Since the mid-2000s, the effects of proppant on hydrocarbon recovery began to gain significantly more attention from frac engineers, executive leadership and even on Wall Street as the modern industry spotlight shifted to operating efficiency and return on capital. As publicly traded operators began to search for ways to maximize return, high-volume consumables such as proppant were some of the lowest hanging fruit for enhancing efficiencies and a closer look was taken. As the industry progressed into 2015, proppant preference began shifting away from coarser mesh sand such as 20/40 and 30/50, in favor of finer grades such as 40/70 and 100 mesh. Results from thousands of fine-mesh wells supported substantial benefits from the switch. Finer mesh proppants have now become the norm, yet the industry is constantly innovating, and engineers are now challenging the 100 mesh status quo to determine the benefits of pumping even finer sand.
A modern proppant
The modern 200 mesh is a finer, lighter proppant. Its physical properties allow the smaller particles to stay suspended longer in slickwater mixtures and more easily flow around corners or rock whereas larger grain sands typically settle out. Historically, the industry has referred to 200 mesh as “silica flour” and found it less practical for fracturing and most useful in cementing applications such as zonal isolations. However, as the proppant industry has matured, sieve distributions have become more accurately defined. Modern 200 mesh is coarser than legacy silica flour (Figure 1) and, as a result, supports different physical properties.

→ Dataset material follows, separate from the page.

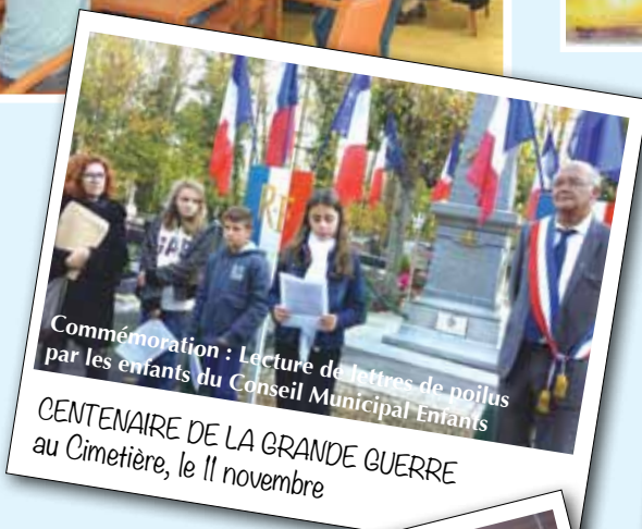
Commémoration : Lecture de lettres de poilus par les enfants du Conseil Municipal Enfants

CENTENAIRE DE LA GRANDE GUERRE au Cimetière, le 11 novembre

The smaller grain sizes of 200 mesh increase flowability and penetrate farther into fractures when pumped in larger volumes. This allows fractures to remain open longer in locations that would typically close because they are physically unreachable by the coarser grains. Additionally, naturally occurring 200 mesh provides favorable crush strength—minimum K-factors check in at more than 13,000 psi. Higher K-factors indicate the proppants’ resistance to crush under high pressure. Once sand “crushes out,” its ability to prop open fractures in shale significantly diminishes. In comparison, typical K-factors for premium Northern white 100 mesh are of 10,000 psi to 11,000 psi.
Engineers have attributed the success of 200 mesh in wells to its ability to be placed within the complex fracturing networks and its improved capacity in slickwater systems as compared to 100 mesh designs. In addition, 200 mesh proppants provide less wash out around perforations and result in more evenly distributed fractures and higher crush strengths.
Applying fine-mesh proppant
The benefits of fine-mesh proppants have been understood for years. The industry has been materially using modern 200 mesh in frac designs since 2016. Operators claim that its use does not compromise existing fracturing routines and can be used in place of coarser mesh sizes at any point during the fracturing process, whether that be leading in, tailing out or through complete substitution. Some select operators have adopted frac designs that omit 100 mesh and other coarse-grain sands completely and solely focus on the benefits of fine mesh.
After noticing the success another E&P company experienced using 200 mesh, Devon Energy decided to start experimenting with finer mesh frac recipes in the Barnett Shale.
“We started out by replacing 40/70 with 100 mesh and saw improved well results,” said Jared Brady, completions engineer at Devon Energy. “The next logical step was to go finer to see if we could replicate the leading E&P company’s success with 200 mesh. The first well we trialed with 200 mesh generated the best results to date that we have experienced.”
Devon was soon able to prove that the first well was not an anomaly, as production results continued to improve versus wells that received coarser sand.
Operators in South Texas also have applied finemesh proppants in their completions. While developing the dry gas window in the Eagle Ford, Pursuit Oil and Gas was working at optimizing its completion design to maximize productivity and recovery from its wells. One of the parameters the company considered changing was proppant size, so Pursuit investigated adding 200 mesh sand to its design. The company wanted to leverage some of the attributes of the 200 mesh such as lower settling velocity to enhance the ability of the fluid to carry the proppant farther into the fracture network and the smaller size of the proppant making it better suited to prop some additional microfractures. Traditionally, finer proppants, such as 200 mesh, have been used for fluid loss control, so it was believed that they could be an added benefit as well. Based on the production results from its latest generation wells, Pursuit plans to continue using the 200 mesh in its design going forward.
Widespread adoption challenges
Although fine-mesh proppant is currently being utilized in Texas, Oklahoma and New Mexico, widespread adoption has been gradual. According to Devon Energy, the only factor preventing it from universally adopting 200 mesh in other basins has been availability.
Naturally occurring deposits of 200 mesh are scarce, with the most prolific scale occurring within North Texas. Mining companies without fine-grade deposits may elect to blast, grind and/or crush their coarser material to arrive at a fabricated 200 mesh. However, there may be tax implications for the end user due to these processing procedures. Vista Proppants and Logistics produces a naturally occurring 200 mesh sand, and the company has been mining its ultrafine Granbury and Tolar, Texas, deposits since 2011 (Figure 2) and selling 200 mesh to its customers since 2016.